The text of every record, exactly as given and with no pictures, should be your output.

————

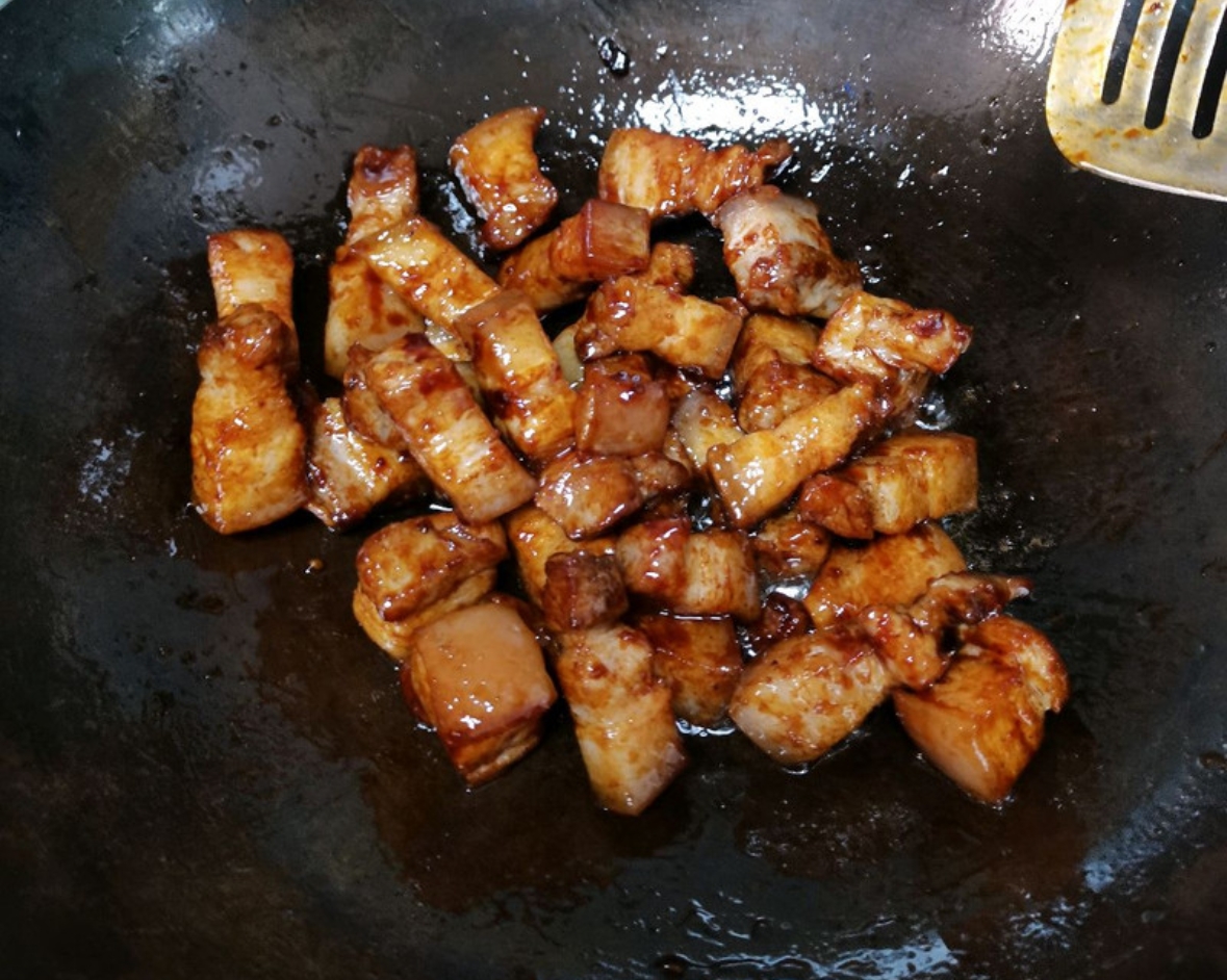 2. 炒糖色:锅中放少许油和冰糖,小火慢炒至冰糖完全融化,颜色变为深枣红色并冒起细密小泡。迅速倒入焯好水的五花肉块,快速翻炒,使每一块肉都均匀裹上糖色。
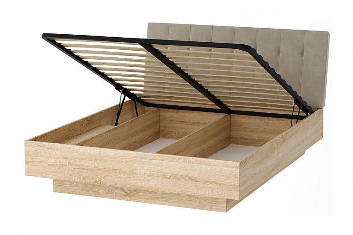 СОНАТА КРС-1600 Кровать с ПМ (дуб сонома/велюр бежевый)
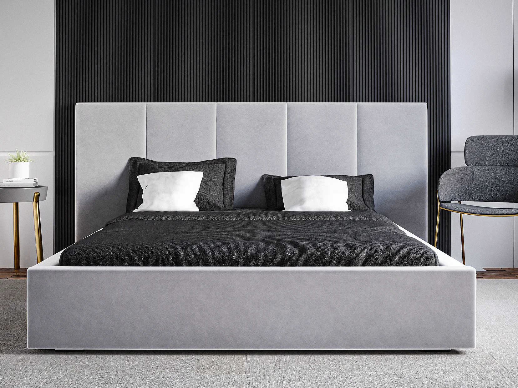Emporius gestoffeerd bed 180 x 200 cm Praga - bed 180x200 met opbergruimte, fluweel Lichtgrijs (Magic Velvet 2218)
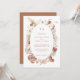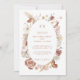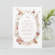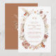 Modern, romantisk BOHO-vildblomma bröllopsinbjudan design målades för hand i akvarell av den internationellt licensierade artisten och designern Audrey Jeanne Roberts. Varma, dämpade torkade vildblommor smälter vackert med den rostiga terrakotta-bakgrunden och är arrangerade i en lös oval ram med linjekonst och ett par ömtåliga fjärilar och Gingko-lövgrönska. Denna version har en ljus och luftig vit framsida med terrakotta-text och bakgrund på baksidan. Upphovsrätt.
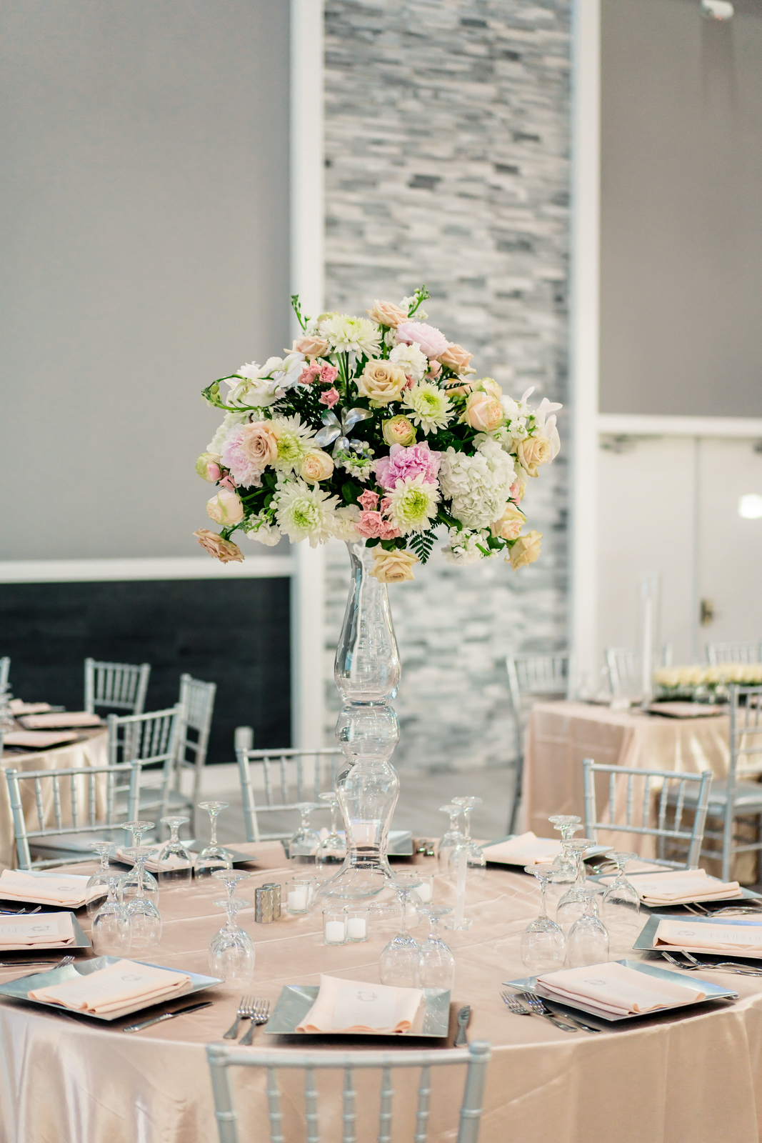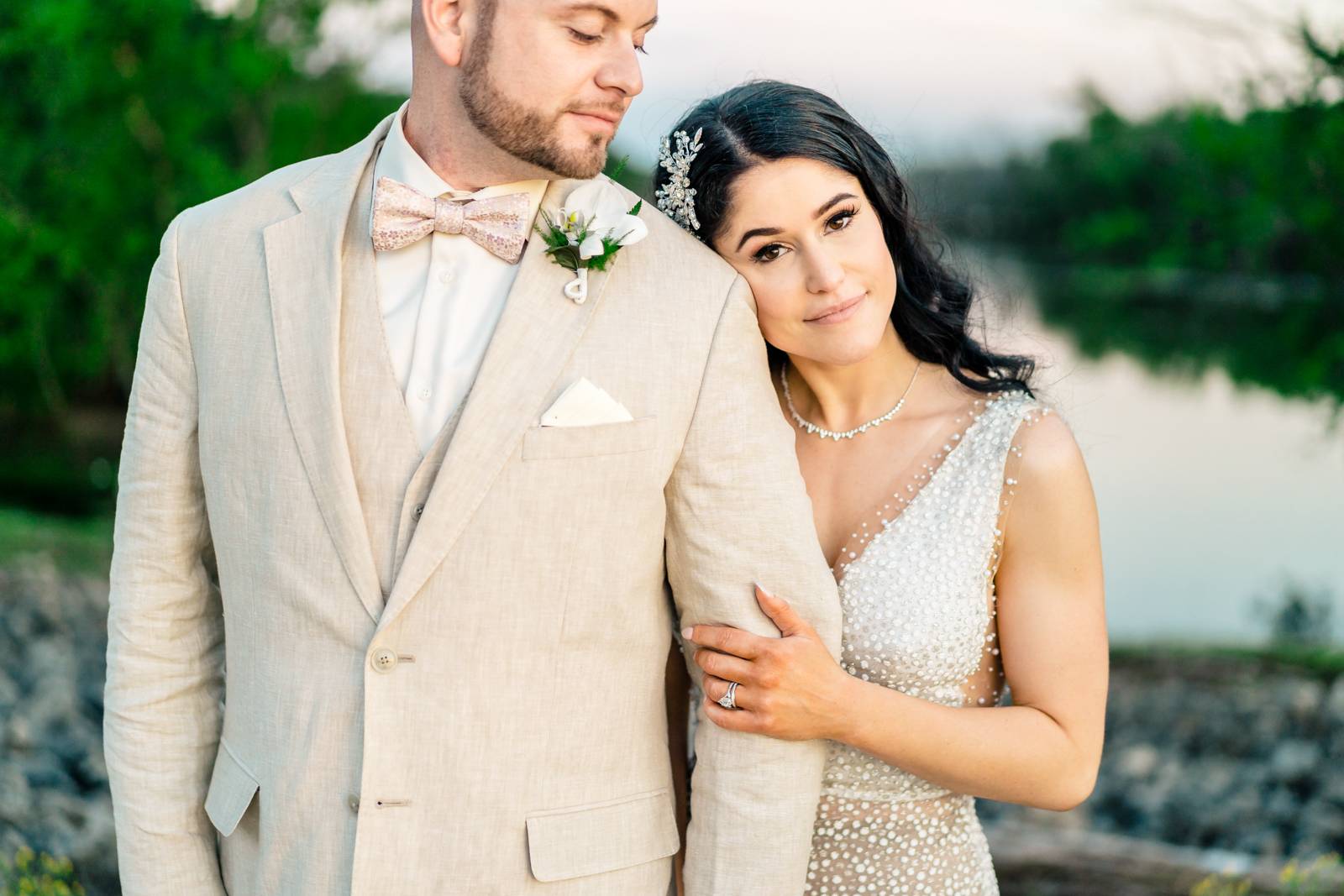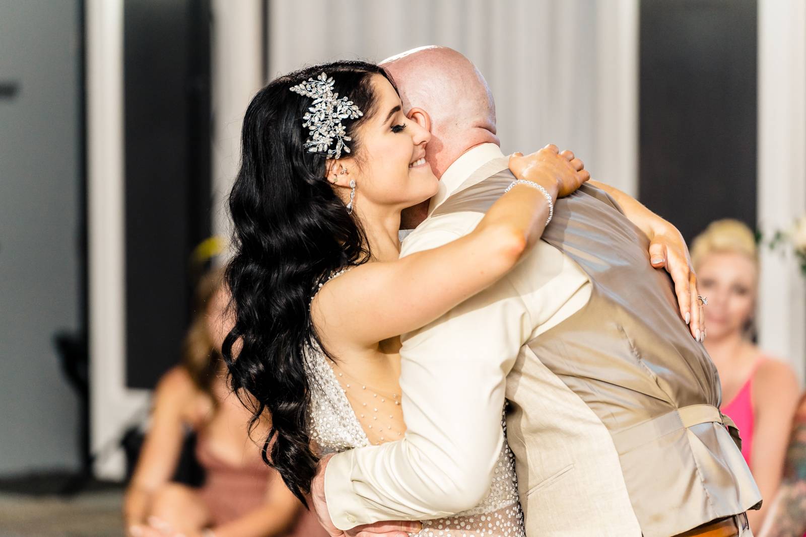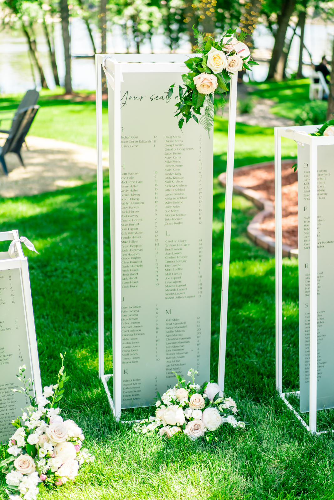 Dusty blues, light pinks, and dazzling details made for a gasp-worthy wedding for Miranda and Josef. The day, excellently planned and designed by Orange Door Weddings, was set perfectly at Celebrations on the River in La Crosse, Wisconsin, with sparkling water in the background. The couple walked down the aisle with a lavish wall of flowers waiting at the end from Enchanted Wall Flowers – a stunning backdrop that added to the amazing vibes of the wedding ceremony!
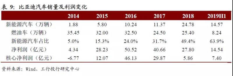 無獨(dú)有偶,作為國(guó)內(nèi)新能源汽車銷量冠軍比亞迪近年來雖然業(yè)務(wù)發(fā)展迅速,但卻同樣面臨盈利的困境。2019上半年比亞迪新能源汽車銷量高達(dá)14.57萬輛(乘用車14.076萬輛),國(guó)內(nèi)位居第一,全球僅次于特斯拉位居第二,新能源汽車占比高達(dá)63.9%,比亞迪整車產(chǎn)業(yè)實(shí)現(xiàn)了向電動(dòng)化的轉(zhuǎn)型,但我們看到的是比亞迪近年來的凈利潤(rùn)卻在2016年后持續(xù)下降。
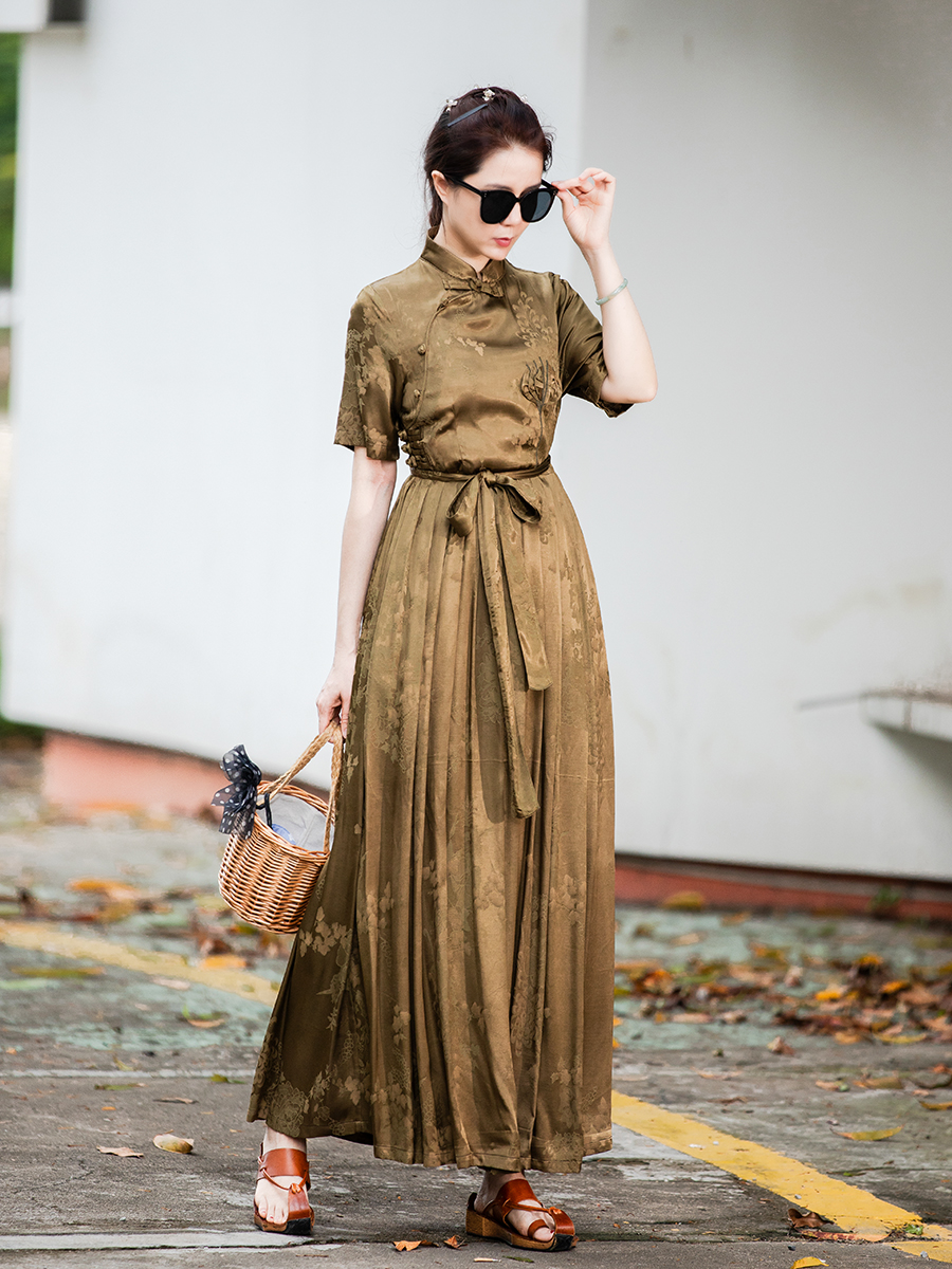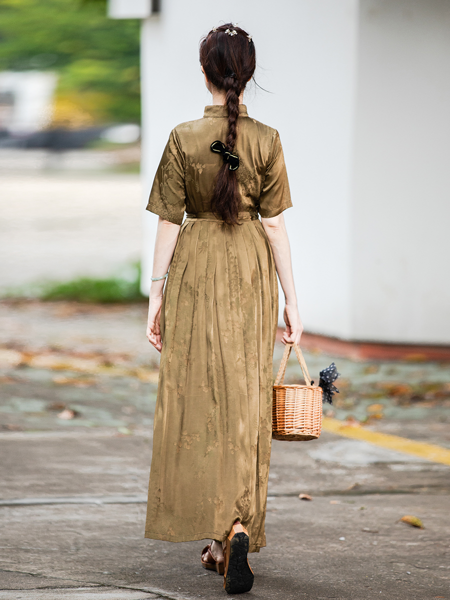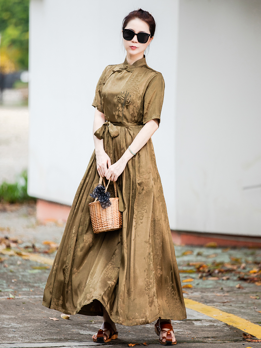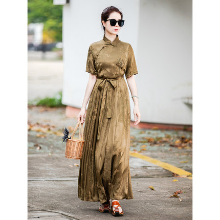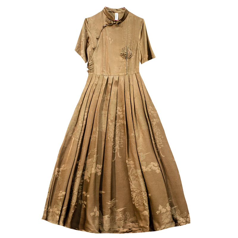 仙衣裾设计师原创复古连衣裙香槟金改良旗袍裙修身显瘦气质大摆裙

————

§ Written answer:
 2. 炒糖色:锅中放少许油和冰糖,小火慢炒至冰糖完全融化,颜色变为深枣红色并冒起细密小泡。迅速倒入焯好水的五花肉块,快速翻炒,使每一块肉都均匀裹上糖色。
 СОНАТА КРС-1600 Кровать с ПМ (дуб сонома/велюр бежевый)
Emporius gestoffeerd bed 180 x 200 cm Praga - bed 180x200 met opbergruimte, fluweel Lichtgrijs (Magic Velvet 2218)
 Modern, romantisk BOHO-vildblomma bröllopsinbjudan design målades för hand i akvarell av den internationellt licensierade artisten och designern Audrey Jeanne Roberts. Varma, dämpade torkade vildblommor smälter vackert med den rostiga terrakotta-bakgrunden och är arrangerade i en lös oval ram med linjekonst och ett par ömtåliga fjärilar och Gingko-lövgrönska. Denna version har en ljus och luftig vit framsida med terrakotta-text och bakgrund på baksidan. Upphovsrätt.
 Dusty blues, light pinks, and dazzling details made for a gasp-worthy wedding for Miranda and Josef. The day, excellently planned and designed by Orange Door Weddings, was set perfectly at Celebrations on the River in La Crosse, Wisconsin, with sparkling water in the background. The couple walked down the aisle with a lavish wall of flowers waiting at the end from Enchanted Wall Flowers – a stunning backdrop that added to the amazing vibes of the wedding ceremony!
 無獨(dú)有偶,作為國(guó)內(nèi)新能源汽車銷量冠軍比亞迪近年來雖然業(yè)務(wù)發(fā)展迅速,但卻同樣面臨盈利的困境。2019上半年比亞迪新能源汽車銷量高達(dá)14.57萬輛(乘用車14.076萬輛),國(guó)內(nèi)位居第一,全球僅次于特斯拉位居第二,新能源汽車占比高達(dá)63.9%,比亞迪整車產(chǎn)業(yè)實(shí)現(xiàn)了向電動(dòng)化的轉(zhuǎn)型,但我們看到的是比亞迪近年來的凈利潤(rùn)卻在2016年后持續(xù)下降。
 仙衣裾设计师原创复古连衣裙香槟金改良旗袍裙修身显瘦气质大摆裙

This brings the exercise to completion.